Experience has taught us it is impossible to root out the evils of capitalism merely by confiscation and expropriation, for however ruthlessly such measures may be applied, astute speculators and obstinate survivors of the capitalist classes will always manage to evade them and continue to corrupt the life of the community. The simplest way to exterminate the very spirit of capitalism is therefore to flood the country with notes of a high face-value without financial guarantees of any sort.

It’s hard not to go back to this kind of reasoning as we see Nelson Merentes shoved out of the largely-ceremonial-but-symbolically-loaded post of Veep for the Economy in favor of Rafael Ramirez, a paid-up-member of the looney squad.

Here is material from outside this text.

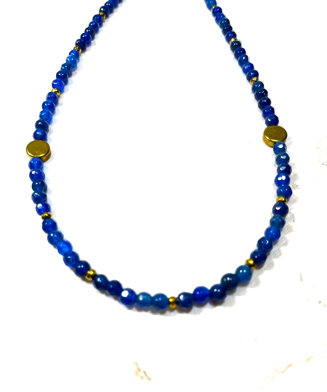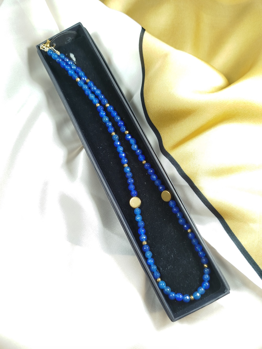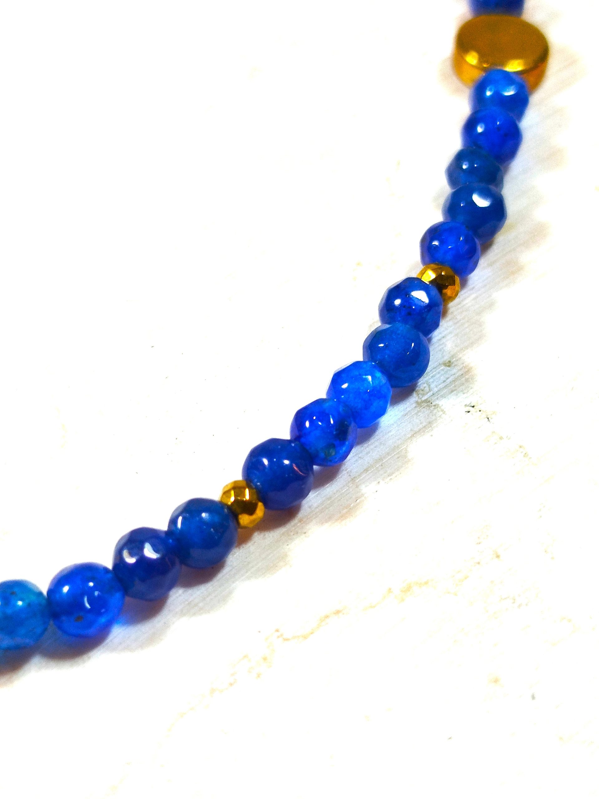 Ένα λεπτεπίλεπτο και κομψό κολιέ της συλλογής 📌semiprecious Φτιαγμένο από φυσικές πέτρες αυτού του ιδιαίτερου έντονου μπλε νεφρίτη. Οι πέτρες του είναι τεσσάρων χιλιοστών κοπής ταγιέ .Ανάμεσά τους λεπτομέρειες από χρυσό αιματίτη μεγέθους 2 χιλιοστών χαρίζουν στο κόσμημα επιπλέον λάμψη

To be clear, the specific mechanism at play in Venezuela is different from the one Lenin chose. Rather than hyper-inflation, the type of monetary insanity the radical wing of bolivarianismo has settled on is an aggressively distorted foreign exchange market that utterly destroys the competitiveness of Venezuelan private enterprise vis-à-vis the state sector, which is increasingly the only one with access to cut-rate forex.

Giordani’s message to the private sector is simple: “from now on, I’ll import at Bs.6.30 per dollar, you’ll import at Bs.40…let’s compete!”

The dynamics that result are different from what Russia experienced, but the overall shape of the reasoning isn’t miles apart:

A seven-fold gap between the official and the black market dollar rate is provoked, as the private sector is cut-off from access to foreign exchange. This is done not in order to anchor inflation or prevent capital flight, but with the deliberate intention of destroying the ability of private entrepreneurs to operate their businesses at a profit. There is no justification for the existence of a working forex system in the Bolivarian state, where the necessities of life shall be imported by the government alone.

Experience has taught us it is impossible to root out the evils of capitalism merely by confiscation and expropriation, for however ruthlessly such measures may be applied, astute speculators and obstinate survivors of the capitalist classes will always manage to evade them and continue to corrupt the life of the community. The simplest way to exterminate the very spirit of capitalism is therefore to establish a state monopoly on the use of foreign exchange, destroying the ability of the private sector to operate at a profit.

As L.V. Leon writes in ProDaVinci, there isn’t really anyone left, inside or outside of government, who fails to see the devastating effects on prices and goods-availability of the current policy mix. So when we see the wing that’s dead-set on ‘heightening the contradictions’ empowered to the detriment of the pragmatists, there’s just one conclusion left: la vaina es a propósito.